Here, his managerial reputation had been largely defined by his four years in charge of Chelsea more than a decade ago. He had arrived in London in 2000 with no English. He failed to win a trophy but, in that pre-Roman Abramovich era, he did succeed in taking Chelsea to the Champions League in a campaign where his only pre-season recruit had been free signing Enrique De Lucas. With Abramovich’s subsequent huge influx of cash came greater expectation and greater scrutiny. As the pressure grew so did his inclination to make changes and so the nickname “the Tinkerman” was born.

Yet, if there has one thing Ranieri has not done this season, it is tinker with his team. Nine of his players – more than at any other top-flight club – have made more than 25 League appearances in this campaign.

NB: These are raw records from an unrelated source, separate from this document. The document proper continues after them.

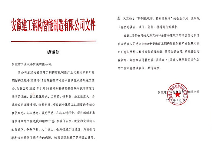 公司安徽建工鋼構智能制造有限公司廠(chǎng)房鋼結構工程項目收到業(yè)主單位感謝信
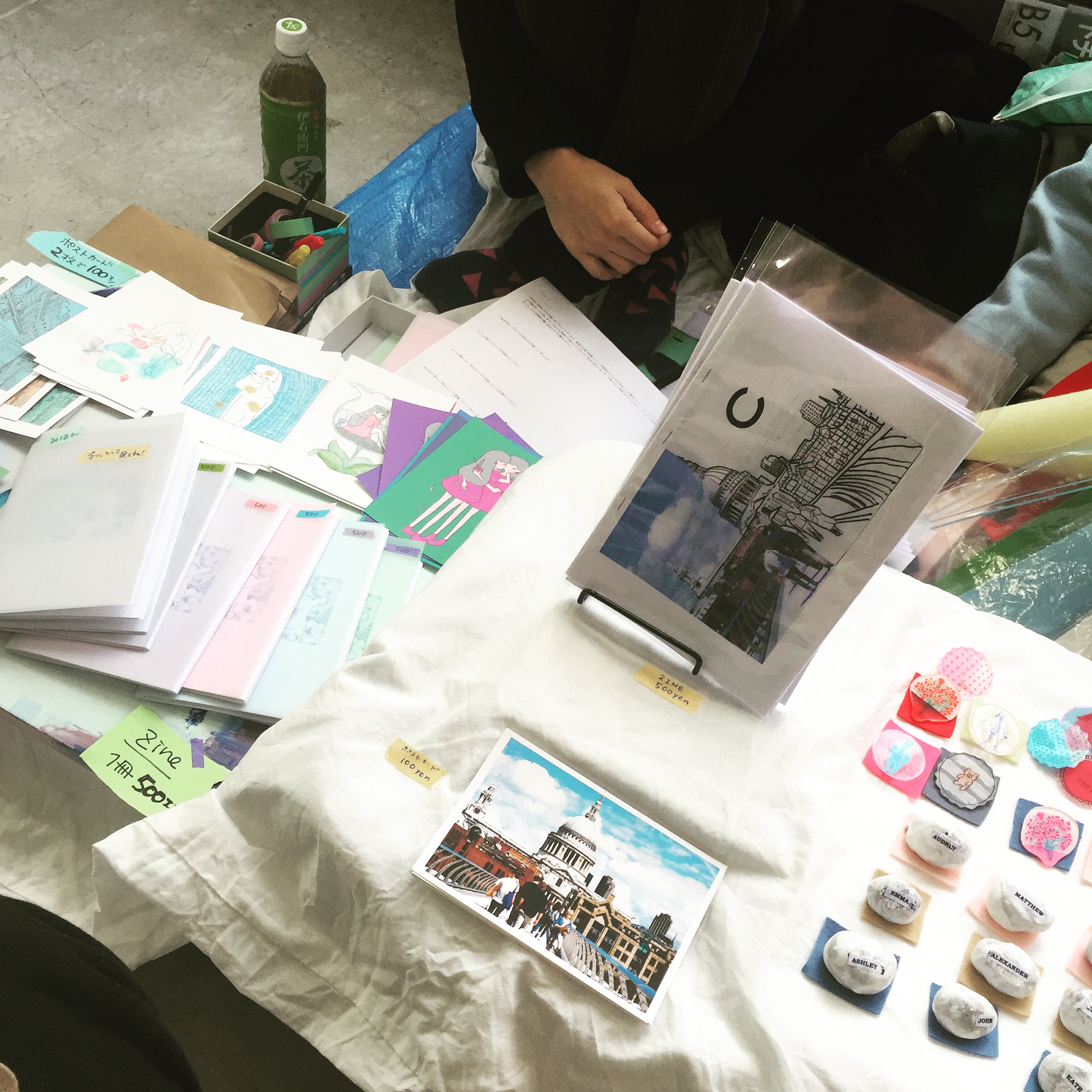 販売したものはZINE、トートバック、アクセサリーなどなど。彼女も一言で可愛い!!といって収まらないほどマイワールド前全開<3ZINEもポイントでリボンがついているのか、ピンクチェックな敷物とか、すべてが可愛かった!!淡いパステルカラー好きにはたまらない世界感です!![]()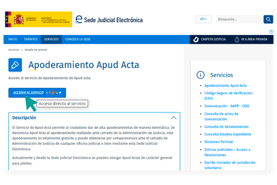 El trámite se realiza directamente desde la Sede Judicial Electrónica, accediendo al apartado específico de Apoderamiento Apud Acta.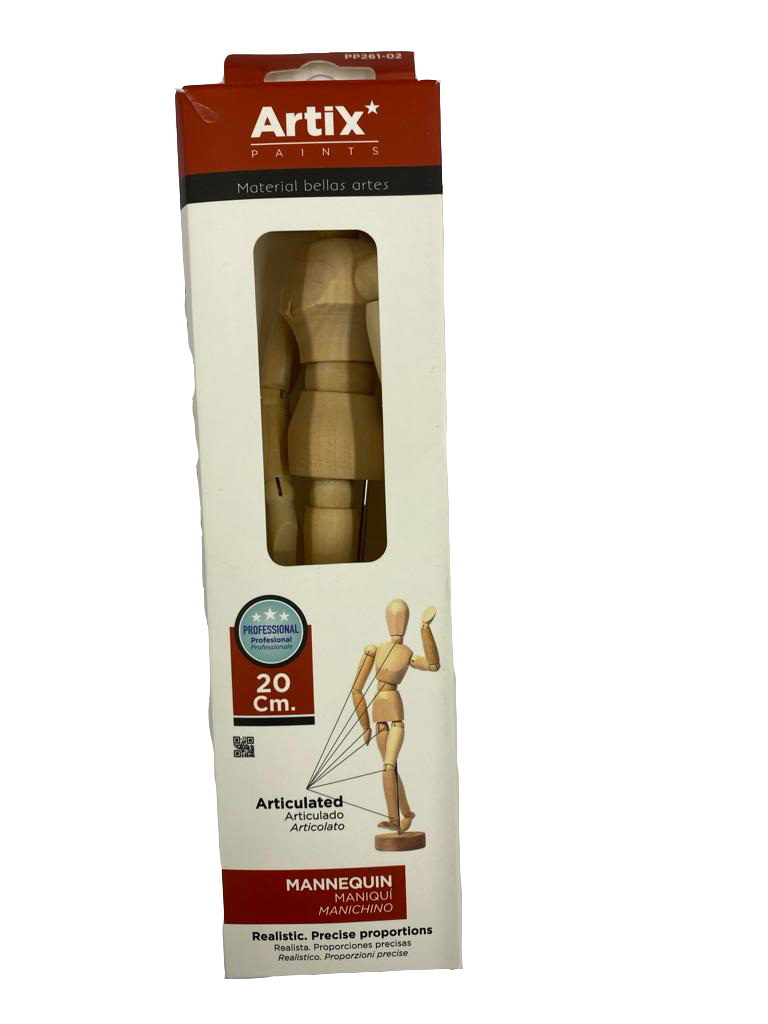 Acest manechin articulat permite practicarea desenului figurilor umane și a pozițiilor artistice.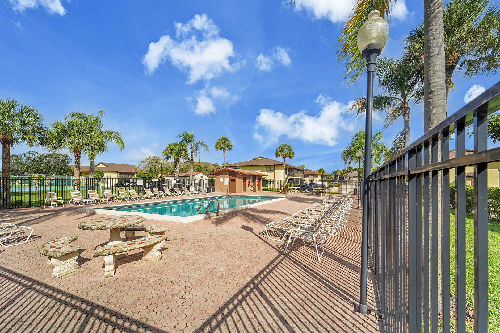 Fence, Fire Extinguisher, Handrail, Patio, Pool, Residential View, Handrail, Patio, Pool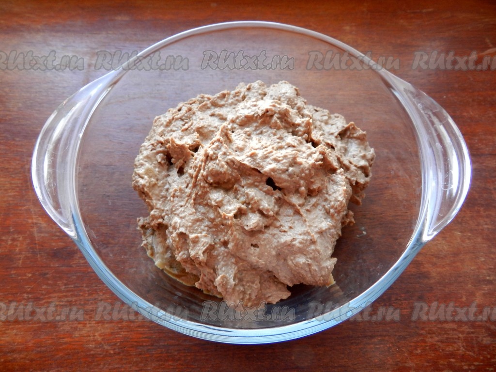 Готовую печень остудить, переложить в блендер и пюрировать. Паштет не должен получиться слишком жидким, чтобы в дальнейшем держать форму, но и слишком густым он быть не должен, иначе рулет будет сухим.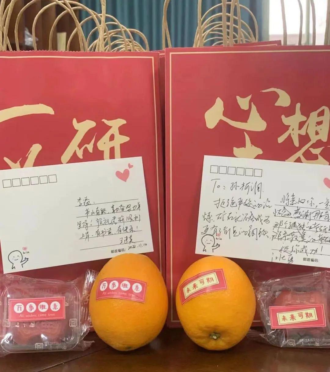 “加油包”中有寓意着“一研为定”的定胜糕、“心想事‘橙’”的甜橙,以及导师、辅导员的寄语明信片等物品,每一件都包含着对考研学生们的深切祝愿。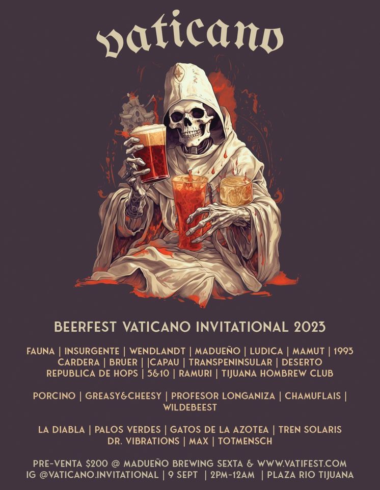 El Vaticano Invitational 2023 es un festival de Cerveza Artesanal que busca capturar la escencia de los beerfests originales. Se llevará a cabo este 9 de Septiembre a partir de las 2 PM en el estacionamiento del Centro Comercial Plaza Rio Tijuana (frente a farmacia Gusher). Contaremos con invitados muy selectos mediante los cuales podrán degustar la mejor calidad de cerveza que han puesto en alto a la Baja y el resto del país en estos últimos años.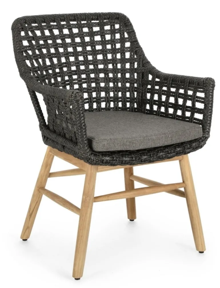 SEDUTA CON STRUTTURA IN ALLUMINIO VERNICIATA A POLVERE (POLIESTERE). INTRECCIO IN FIBRA SINTETICA VIRO CON ORIGINALE PIEGATURA A TRECCIA (EFFETTO PELLE). CUSCINO SEDUTA SFODERABILE IN TESSUTO SUNPROOF OLEFIN (100% POLIPROPILENE). GAMBE IN TEAK – SVLK (LEGNO CERTIFICATO PROVENIENTE DA FORESTE SOSTENIBILI). VITERIA IN ACCIAIO GALVANIZZATO. GAMBE DA ASSEMBLARE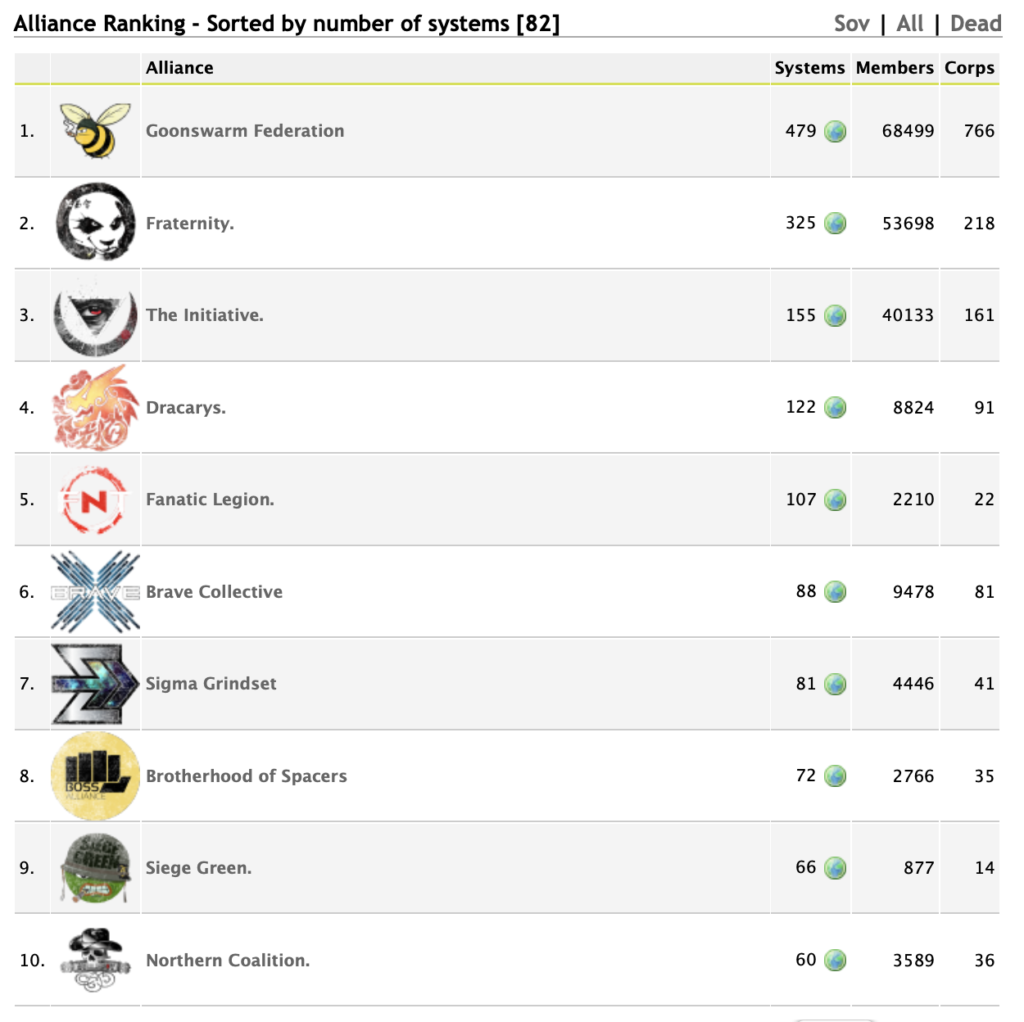 ところが9位にランクインするSiege Green.(SGGRN)は、わずか877名のメンバー数で66システムを保有している。この数字は一見すると異常だ。なぜ彼らは、自分たちの10倍、50倍の規模を持つアライアンスと肩を並べることができるのか?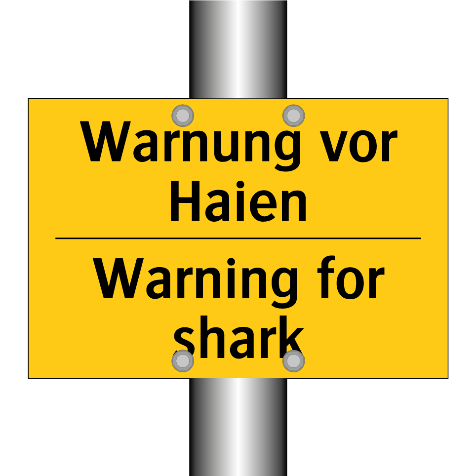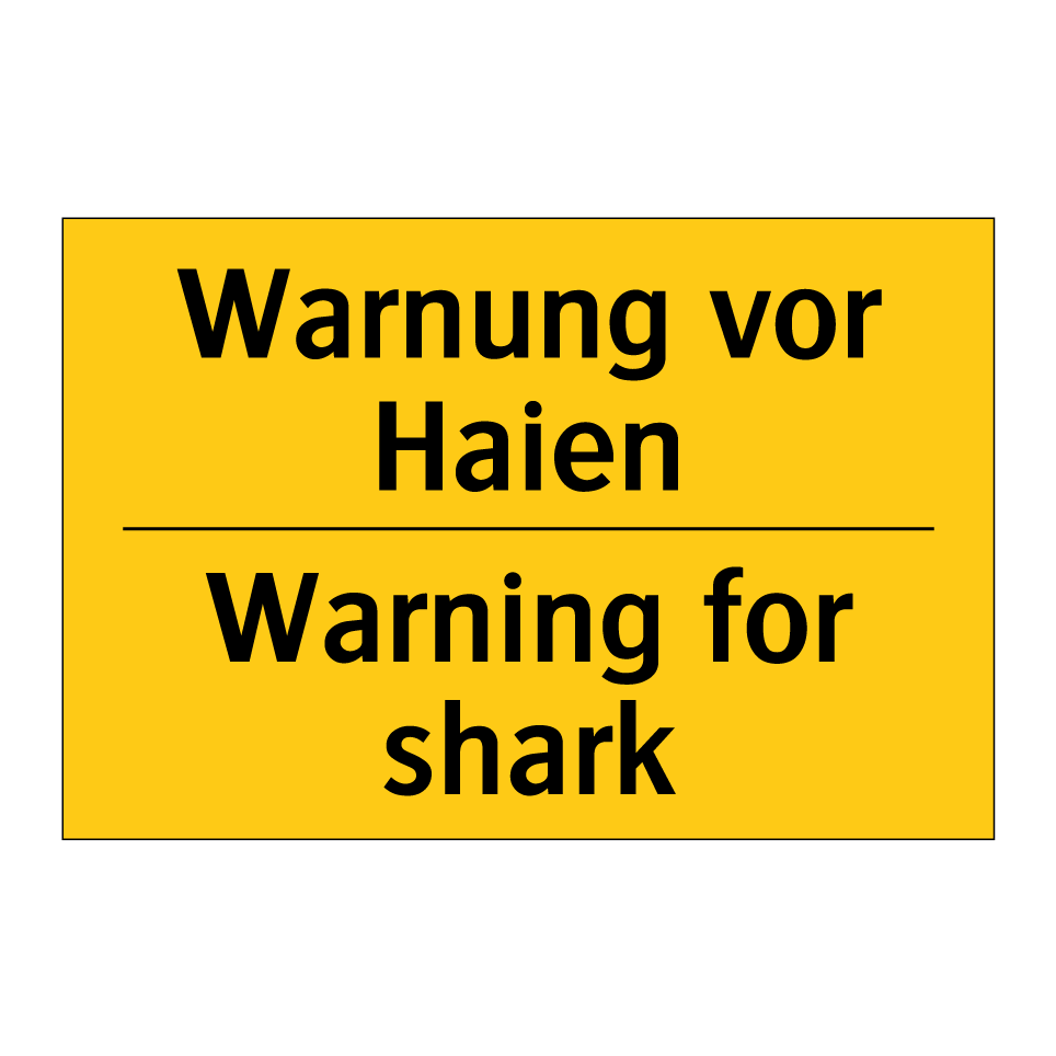 Zweisprachiges Warnschild mit deutschem Text Warnung vor Haien und englischem Text Warning for shark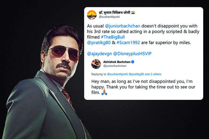 Abhishek Bachchan’s much-awaited movie The Big Bull released yesterday. A Twitter user described his ‘so-called acting’ as ‘third rate’. One person commented, “As usual @juniorbachchan doesn’t disappoint you with his 3rd rate so called acting in a poorly scripted & badly filmed #TheBigBull. Abhishek responded, “Hey man, as long as I’ve not disappointed you, I’m happy. Thank you for taking the time out to see our film.”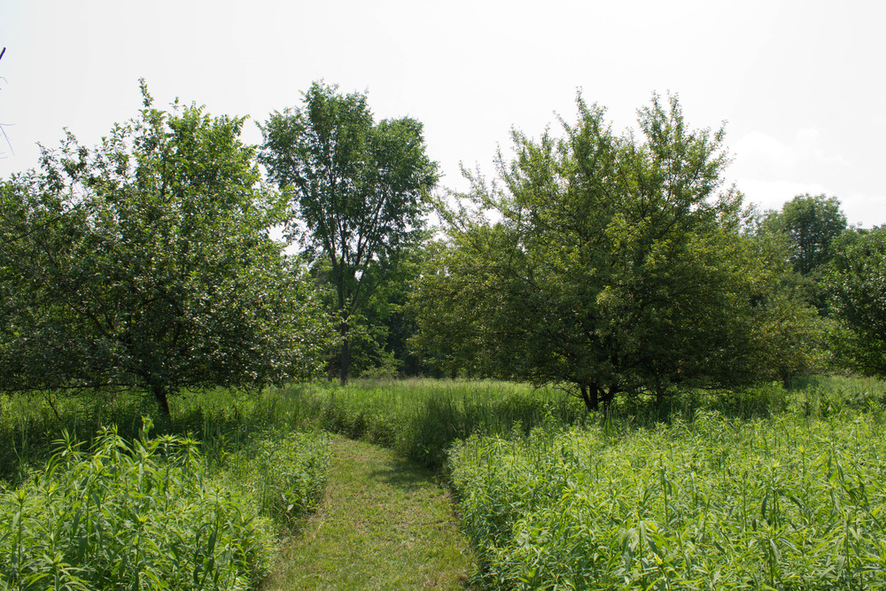 The Woods Trail begins at the footbridge at the north end of the day-use parking area. From there the trail winds its way through a meadow with islands of trees, apple trees and opportunities for birding. The trail is on flat terrain and winds its way back toward the park entrance road. The Meadow Trail intersects the Woods Trail near its eastern end. This trail climbs a short distance and follows a ridge through the forest before descending back to the meadow, where it follows a mowed path. The bridge has steps on one side.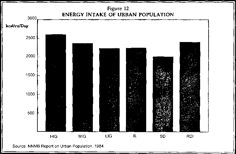 The energy intake among rural and urban proxy income groups is shown in Figures No. 11 and 12.
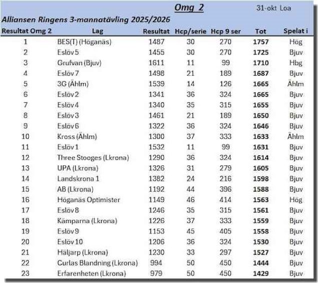 | LAG 5 Båstad Bowlare (hemma) | 10 nov, 14:00 |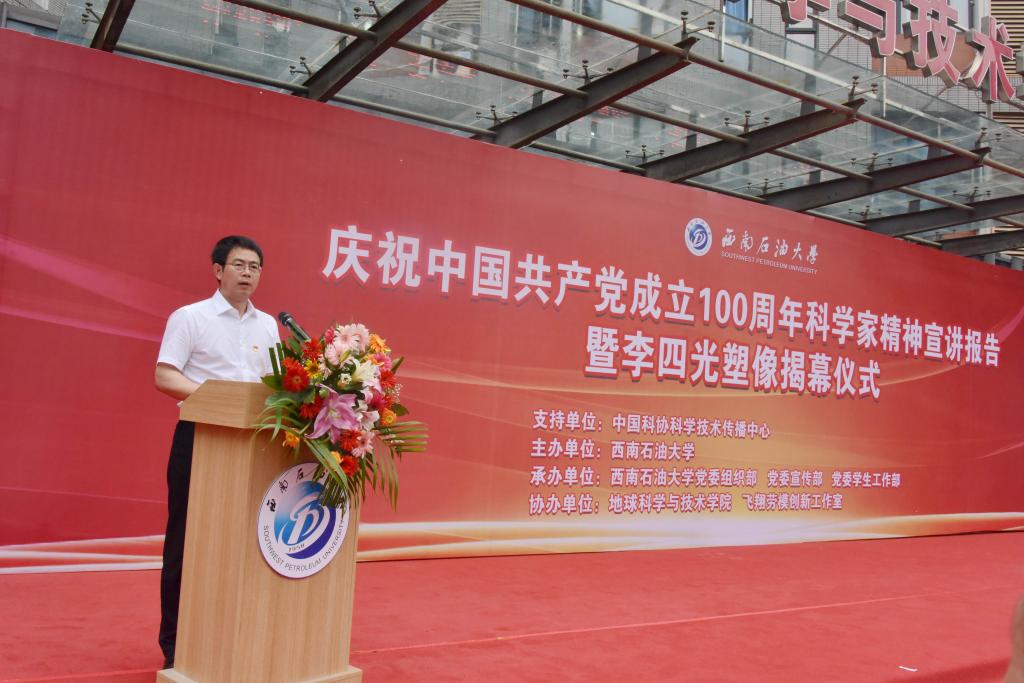 党委常委侯忠建、易联树、党委学生工作部部长蒲勇以及地科院师生代表参加塑像揭幕仪式,地科院党委书记朱江主持揭幕仪式。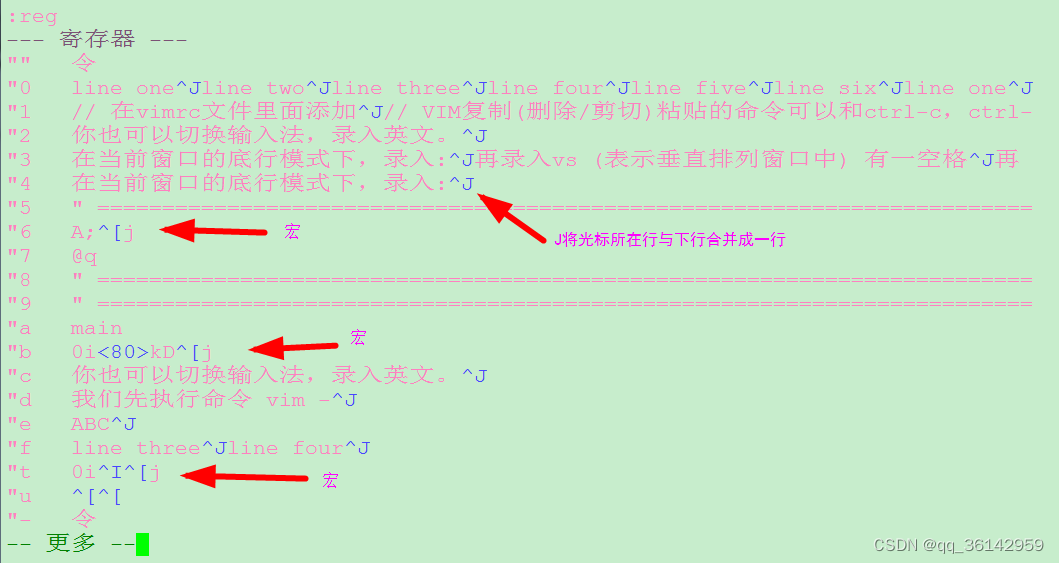 b.在任意一个文件的空白位置,在normal状态下,执行命令"{register}p即可以把宏的内容粘贴出来。比如说,一个"t寄存器中的宏是: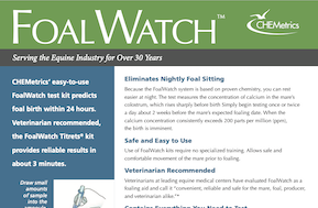 Please click on the links below to download the FoalWatch test kit documentation in PDF format, including the step-by-step Test Procedure, the Safety Data Sheet (a.k.a. Material Safety Data Sheet or MSDS) and the summary brochure. Please note, the SDS file comprises of two SDSes, one for the reagent ampoules and the second for the indicator solution bottle.

So much for managerial stereotyping. That said, by digging a little deeper into Ranieri’s career, all the way back to his time as a journeyman defender, it is clear to see that many of his traits – ones that offer real insight into his success this season – have remained constant: the focal role in fostering team spirit, the attention to detail and tactical nous, the toughness behind his twinkling eyes. Here, then, are the witness statements of those who know Claudio Ranieri best.

Gianni Di Marzio

Ranieri’s coach as a player at Catanzaro and Catania in late Seventies and early Eighties

Ranieri was my favourite pupil as a player. At Catanzaro, we spent two years together. In the first season, we lost a play-off final and the following season, we won  Serie B. On the pitch we were intense, we had players like Jamie Vardy who were constantly aggressive. We never gave up. With that team, Ranieri was my coach on the pitch and when I went to Catania and won Serie B, Ranieri was with me again. 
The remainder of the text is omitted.